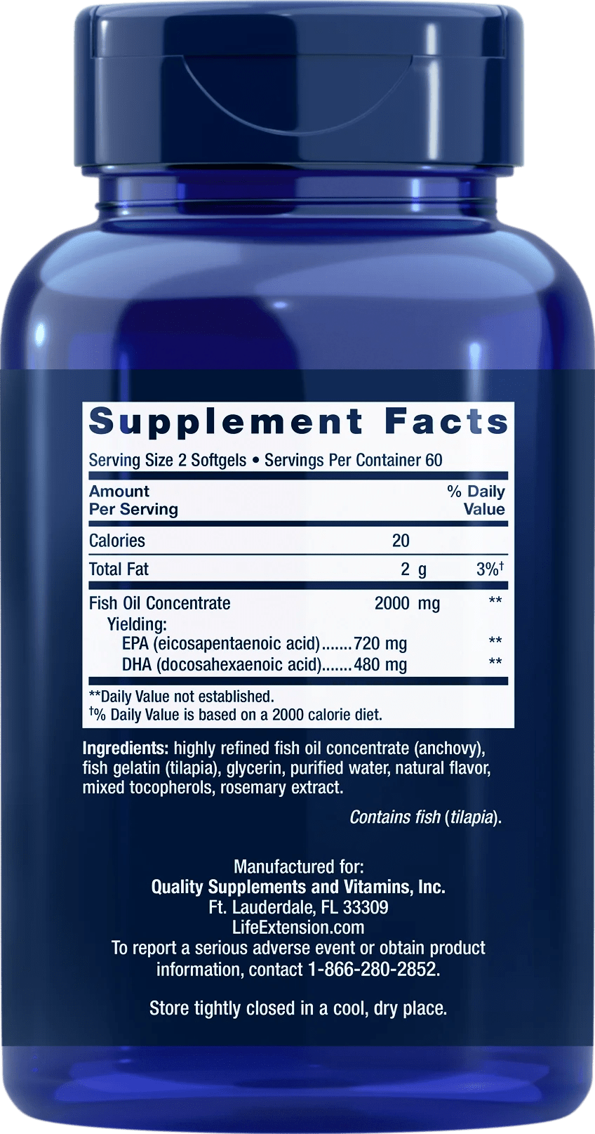 Highly refined fish oil concentrate (anchovy), fish gelatin (tilapia), glycerin, purified water, natural flavor, mixed tocopherols, rosemary extract.
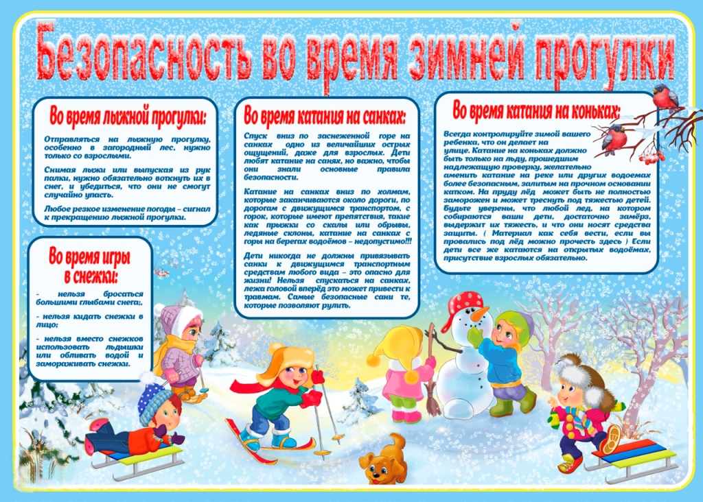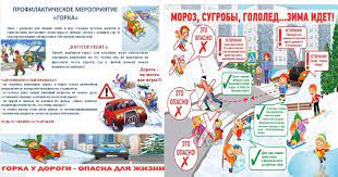 Ежегодно в декабре-феврале увеличивается вероятность дорожных происшествий с участием несовершеннолетних по причинам скатывания детей и подростков с горок и наледей на проезжую часть, использования придорожных снежных валов для игр. В зимний период времени категорически запретите детям кататься с горок вблизи дорог даже внутри дворовых территорий. Не позволяйте детям кататься с таких горок, даже если она заканчивается, по вашему мнению, далеко от дороги. Погодные условия меняются ежедневно, горки могут подтаять, а потом вновь замерзнуть и стать более скользкими, и санки «улетят» дальше, чем нужно. Детская одежда должна быть яркой или иметь светоотражающую полосу и желательно без больших капюшонов, ограничивающих поле зрения. Обувь должна иметь нескользкую, ребристую подошву. Дошкольник зимой должен гулять только в сопровождении взрослых людей.
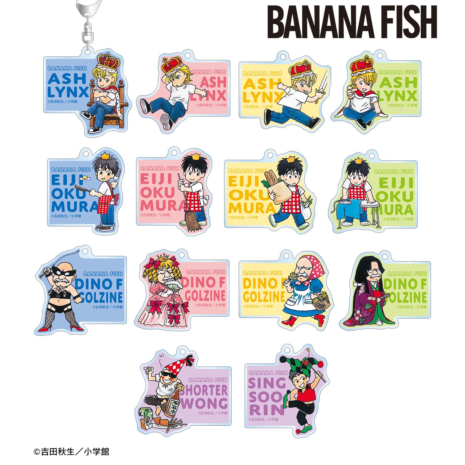 アッシュ・リンクス、奥村英二、ディノ・F・ゴルツィネ、ショーター・ウォン、シン・スウ・リンの原作ちびキャライラストをアクリルキーホルダーに仕上げました。
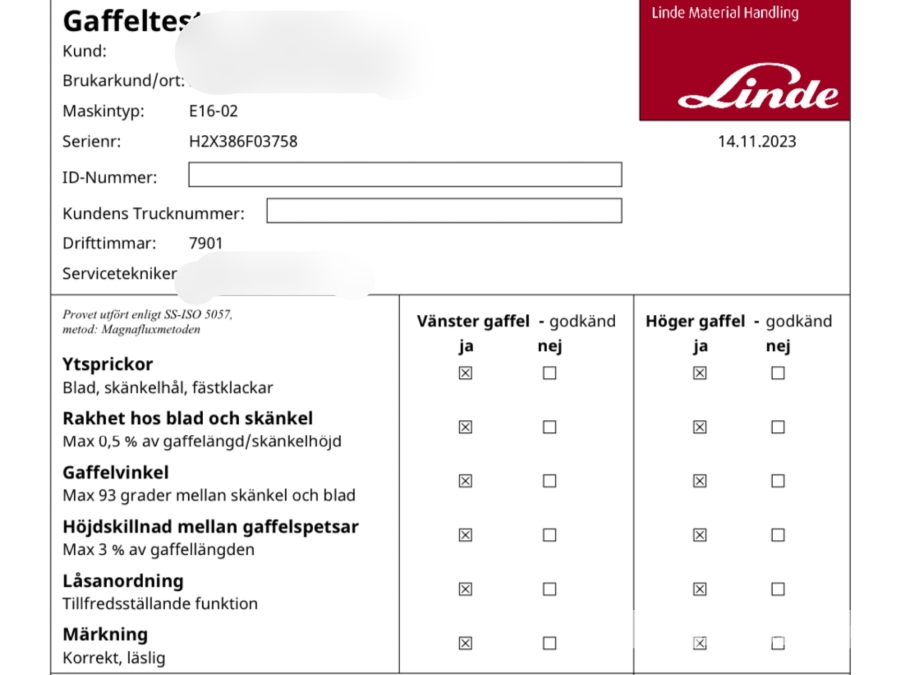 • Serie/chassinummer framgår

**********

**Exercise requirements:** Copy out the listing word for word and skip its pictures.

**Output below:**
 Highly refined fish oil concentrate (anchovy), fish gelatin (tilapia), glycerin, purified water, natural flavor, mixed tocopherols, rosemary extract.
 Ежегодно в декабре-феврале увеличивается вероятность дорожных происшествий с участием несовершеннолетних по причинам скатывания детей и подростков с горок и наледей на проезжую часть, использования придорожных снежных валов для игр. В зимний период времени категорически запретите детям кататься с горок вблизи дорог даже внутри дворовых территорий. Не позволяйте детям кататься с таких горок, даже если она заканчивается, по вашему мнению, далеко от дороги. Погодные условия меняются ежедневно, горки могут подтаять, а потом вновь замерзнуть и стать более скользкими, и санки «улетят» дальше, чем нужно. Детская одежда должна быть яркой или иметь светоотражающую полосу и желательно без больших капюшонов, ограничивающих поле зрения. Обувь должна иметь нескользкую, ребристую подошву. Дошкольник зимой должен гулять только в сопровождении взрослых людей.
 アッシュ・リンクス、奥村英二、ディノ・F・ゴルツィネ、ショーター・ウォン、シン・スウ・リンの原作ちびキャライラストをアクリルキーホルダーに仕上げました。
 • Serie/chassinummer framgår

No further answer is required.